## EXERCISE REQUIREMENTS
Provide a verbatim copy of all the records below, leaving the images out.

Data excerpts:
******************************

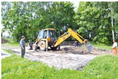
Budowa placu zabaw w Lubiszewie w ramach programu radosna szkoła.

Ze względu na napływające prośby od rodziców w sprawie utworzenia przedszkola, obecnie przygotowany jest projekt na rozbudowę i tej szkoły.
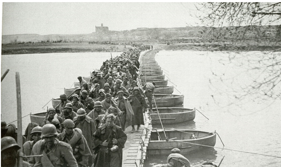
Fig. 11. Paso del río Ebro por un puente de barcasas tendido en Quinto por los pontoneros de Zaragoza. Era la ofensiva final contra el Aragón republicano. 23 de marzo de 1938.
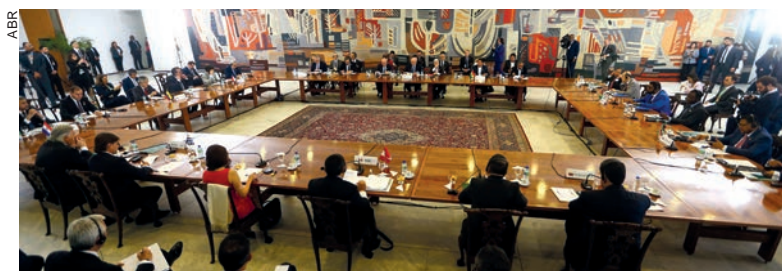
Reunião dos presidentes de países da América do Sul, no Palácio do Itamaraty

Para ele, os milhares de imigrantes venezuelanos que deixaram seu país por causa da situação política “exigem uma
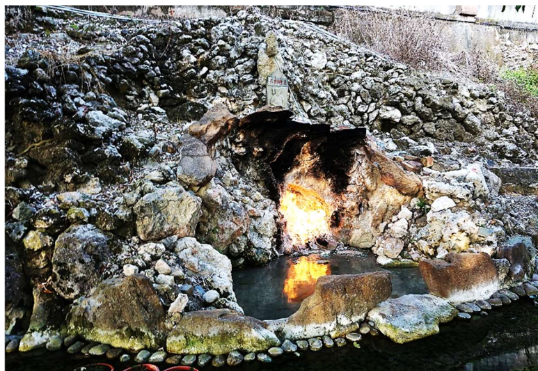
| 水火同源, 曾名列臺灣七景之一和臺南市八景之一

指標樹芒果胸圍 251 公分, 有 6 株臘腸樹( Kigelia pinnata ), 最大株胸圍 180 公分, 學名是由非洲莫三比克土名拉丁化締造而成, 1922 年引進栽培。紫紅色筒狀花萼, 先端淺 5 裂, 夜間綻放, 具有芳香; 雄蕊 4-6 枚, 花絲白色, 鮮果有毒, 食用易腹瀉。原產地是全株供狒狒、猴子、野豬、河馬食用, 大象、南非大羚羊則食用葉子, 鸚鵡食用種子。
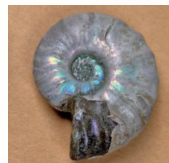
にじいろ 虹色アンモナイト
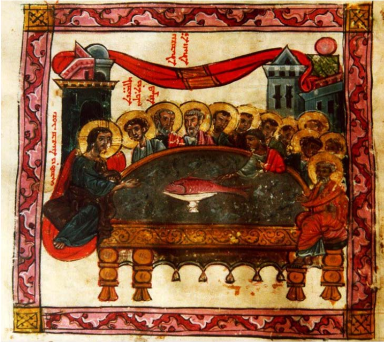
La miniatura proviene dal Monastero Mar Gabriel di Tur Abdin

******************************

## RESPONSE TO THE TASK
Budowa placu zabaw w Lubiszewie w ramach programu radosna szkoła.

Ze względu na napływające prośby od rodziców w sprawie utworzenia przedszkola, obecnie przygotowany jest projekt na rozbudowę i tej szkoły.
Fig. 11. Paso del río Ebro por un puente de barcasas tendido en Quinto por los pontoneros de Zaragoza. Era la ofensiva final contra el Aragón republicano. 23 de marzo de 1938.
Reunião dos presidentes de países da América do Sul, no Palácio do Itamaraty

Para ele, os milhares de imigrantes venezuelanos que deixaram seu país por causa da situação política “exigem uma
| 水火同源, 曾名列臺灣七景之一和臺南市八景之一

指標樹芒果胸圍 251 公分, 有 6 株臘腸樹( Kigelia pinnata ), 最大株胸圍 180 公分, 學名是由非洲莫三比克土名拉丁化締造而成, 1922 年引進栽培。紫紅色筒狀花萼, 先端淺 5 裂, 夜間綻放, 具有芳香; 雄蕊 4-6 枚, 花絲白色, 鮮果有毒, 食用易腹瀉。原產地是全株供狒狒、猴子、野豬、河馬食用, 大象、南非大羚羊則食用葉子, 鸚鵡食用種子。
にじいろ 虹色アンモナイト
La miniatura proviene dal Monastero Mar Gabriel di Tur Abdin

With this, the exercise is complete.